3 year warrenty sounds good...


----------



## Chrissyronald (Jan 15, 2012)

I have one its pretty good mate!


----------



## steveo3002 (Jan 30, 2006)

how long have you had it ?

do you know what style fitments the ends are?


----------



## Guitarjon (Jul 13, 2012)

I'd rather buy a refurbished nilfisk one. I paid 39 pounds for mine the other week and its working a treat.


----------



## mikeydee (May 4, 2010)

nilfilsk c110 is £99 in homebase at the moment


----------



## Mike1975 (Nov 7, 2012)

Nilfisk centenial with loads of extras £99 from Argos mate


----------



## DFEN5 (Mar 16, 2013)

Mike1975 said:


> Nilfisk centenial with loads of extras £99 from Argos mate


Homebase had 15% off 'em this weekend.


----------



## Skuperb (Jul 11, 2008)

DFEN5 said:


> Homebase had 15% off 'em this weekend.


True dat. picked one up myself at weekend for £85 with all the kit included, patio cleaner as well. Haven't had it our of the box yet.


----------



## Shinyvec (Feb 12, 2010)

In the past the machines have been Karcher as I have a Patio Cleaning head from Aldi that fits my Karcher.

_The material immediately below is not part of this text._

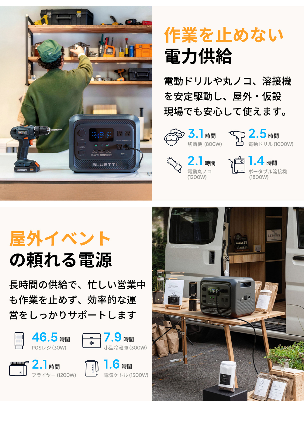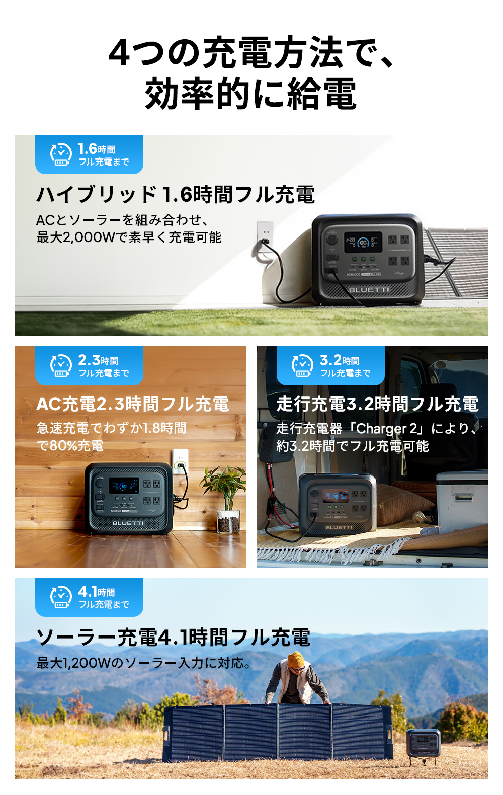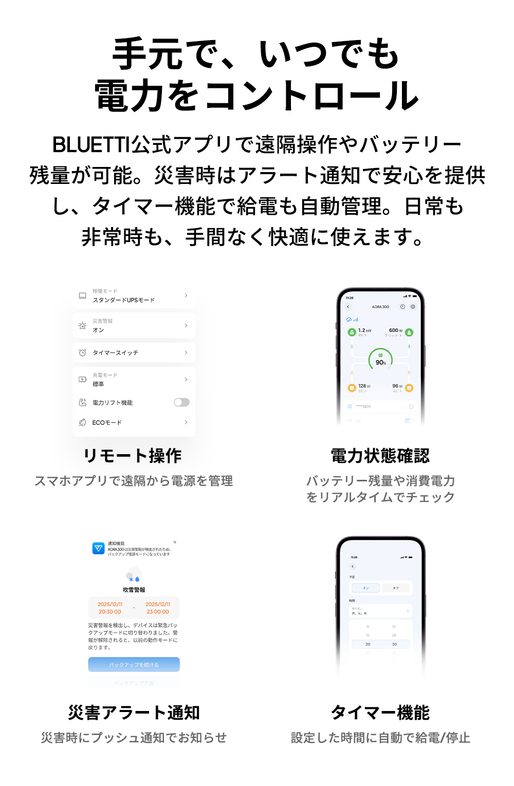 【どこでも活躍、多彩な充電ポート】 2つのACコンセント、2つのUSB-Aポート、2つの高速USB-Cポートで、日常のあらゆる機器に安定給電。さらに車載機器用にシガーソケットポートと12V/30A DC出力も搭載。家庭でも車でも、スムーズに使用できます。 【走行充電でアウトドア電力確保】 カー充電モード (560W) 対応。ドライブやキャンプ中でも車から充電可能。キャンピングカーや車載冷蔵庫などの継続稼働をサポートします。 【4つの充電方法で、効率的に給電】 AC・ソーラー・走行・ハイブリッドの4つの充電方式に対応。急ぎの使用時や走行中、アウトドアでも、あらゆるシーンで効率的に充電・安定給電が可能です。 【家族の電力消費を1台で】 Apex300スマート電源システムは、家庭防災からアウトドア探検まで。スマート対応アクセサリーと組み合わせることで、家庭用予備電源、キャンピングカー、オフグリッド生活など、あらゆる電力ニーズに対応。いつでもどこでも、安定・安全な高品質な電力をお楽しみいただけます。 【0.01秒の瞬時切替で、電力を途切れさせない】 10ミリ秒未満の高速UPS切替により、停電時も瞬時に給電を継続。冷蔵庫や照明、精密機器などを安全に安定稼働させます。 【非常時も安心の家庭用蓄電池 停電時に必要な照明や家電をしっかりサポート。コンパクト設計で置き場所を選ばず、非常時も家族と快適に安心して過ごせます。 【安心の5年保証】 Aora300は5年保証付きで、長く安心してご利用いただけます。環境面では、コバルトフリーの高い安全性のあるリン酸鉄リチウムバッテリー(LiFePO4)を採用し、1日1回使用でも15年以上の寿命があり、廃棄物削減に貢献します。 BLUE LIFE環境理念に基づき、日本国内ではBLUETTI製品の無料回収プログラムを実施し、分解された部品の95%以上を再資源化。お客様の製品ニーズに応えるだけでなく、地球環境保護にも積極的に貢献します。 ※Yahoo!ショッピングにおけるBLUETTI製品の正規直販サイトは、BLUETTI(https://shopping.geocities.jp/poweroak/)のみです。他のショップ及び転売者様よりご購入された場合は、BLUETTI保証サービスの適用は除外されますので、予めご了承願います。 ※製品の改良・改善等のため、予告なく製品仕様が変更される場合がありますので、予めご了承願います。 |
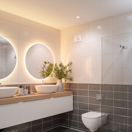 Flexit baderomsvifte Vario for optimal drift og komfort. Viften har mange reguleringsmuligheter og kan tilpasses brukerens behov. Den intelligente fuktstyringen sørger for effektivt avtrekk.

Normaly 3 year guarantee so well worth having a go because you either change it or get your money back if it fails within the guarantee.


----------



## Supermega (Nov 10, 2008)

So all my karcher bits should fit this PW then?


----------



## Shinyvec (Feb 12, 2010)

If they are still rebadged Karcher then yes. Might be worth having a look first to see


----------



## Supermega (Nov 10, 2008)

Will have a look tomorrow and let you guys know


----------



## Supermega (Nov 10, 2008)

Unfortunately it doesn't fit the standard karcher fit. It's also pretty small too.


----------



## Bill58 (Jul 5, 2010)

I bought my dad one two years ago and it is still working well. Like already said above the Karcher attatchments don't fit.


----------



## Subc (May 30, 2008)

I have had a load of pressure washers over the years from most major brands, bought a Lidl one last year similar to ALDI, worked a treat and packed in after 11 months returned to store full refund no questions asked.
I like Nilfisk and have a Centenial (Argos) and cannot fault it and great accesories and 2 year warranty.
Pressure Washers are a minefield the First Nilfisk lasted a whole 5 minutes and had to be replaced.
If it was me I would go straight for a Nilfisk Centennial 120 bar better put together hose / lance accessories in my opinion


----------



## craigblues (Jul 24, 2011)

You get what you pay for but the Lidl an Aldi 3yr warranties are second to none, no-questions asked usually. Just make sure you keep the receipt.


----------



## Supermega (Nov 10, 2008)

Just made a quick mod to an old karcher extender, fits the new lance a treat!










Will try it later on


----------



## Supermega (Nov 10, 2008)

Quick test in the garage, works a treat. All my karcher bits work with my modded adapter. First impressions suggest it has more power than my ageing k5.55. Will test it properly this Sunday.


----------